XVIII. AVAILABILITY OF EQUITABLE REMEDIES
     Consultant understands and agrees that any breach or evasions of any of the terms of this Agreement will result in immediate and irreparable injury to VAII and will entitle VAII to all legal and equitable remedies including, without limitation, injunction or specific performance.
XIX. GOVERNING LAW
     This Agreement and the performance hereunder shall be governed by and construed in accordance with the laws of the State of Texas that shall be the exclusive applicable law. Consultant shall submit to the jurisdiction of the courts within the State

 


 

of Texas for any claim, demand or suit that may arise in connection with this Agreement and Consultant specifically waives any objection or defense to venue and jurisdiction.
XX. NOTICE
     Any notice to be given hereunder shall be in writing, mailed by certified or registered mail with return receipt requested addressed to the Company:
Vought Aircraft Industries, Inc.
9314 West Jefferson Blvd.
Dallas, Texas 75211
Attention: W. Bruce White, Jr., M/S 49R-09
or to Consultant:
Tom Risley
2600 Twelve Oaks Lane
Colleyville, Texas 76034
or to such other address as may have been furnished at the date of mailing either by VAII or Consultant in writing.
XXI. COMPLETE AGREEMENT
     This Agreement constitutes the entire agreement of the parties with respect to the engagement of Consultant by VAII and supersedes any and all other agreements between the parties. The parties stipulate and agree that neither of them has made any representation with respect to this Agreement except that such representations are specifically set forth herein.

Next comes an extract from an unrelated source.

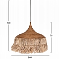 FB97755- Kρεμαστό φωτιστικό---- Αν επιθυμείτε να διακοσμήσετε το χώρο σας με ένα φωτιστικό σε boho στυλ, αυτό είναι η πιο σωστή επιλογή. Είναι ένα μονόφωτο φωτιστικό για επαγγελματική χρήση, με «καπέλο» σε σχήμα καμπάνας φτιαγμένο από σκοινί, υψηλής ποιότητας και αντοχής στο χρόνο. Το ιδιαίτερο χαρακτηριστικό, όμως, αυτού του φωτιστικού είναι ότι το «καπέλο» στο μεγαλύτερο μέρος του αποτελείται από κρόσια, επιτείνοντας ακόμα περισσότερο το boho στυλ.

The parties acknowledge that any other payments or representations that may have been made are of no effect and that neither party has relied on such payments or representations in connection with this Agreement or the performance of services contemplated herein.

 


 

IN WITNESS WHEREOF, the parties hereto have caused this Agreement to be entered into and executed as set forth below.
             
    VOUGHT AIRCRAFT INDUSTRIES, INC.    
 
           
 
  BY:   /s/ W. Bruce White, Jr.    
 
           
 
      W. Bruce White, Jr.    
 
      Vice President and General Counsel    
             
Accepted on Behalf of:
Tom Risley
   
 
           
Signature:   /s/ Tom Risley    
 
           
 
           
Date:
      January 31, 2006     
         

 


 

Attachment A
Statement of Work for Consultant Tom Risley
I. Specific Tasks To Be Performed
Consultant will perform specific assignments at the specific direction of the CEO. Consultant will report directly to the CEO and will interface with other Company Officials as directed by the CEO.
II. Deliverables
To be determined based upon the nature of the assignment.
III. Where Work Will Be Performed
As directed by Chief Executive Officer.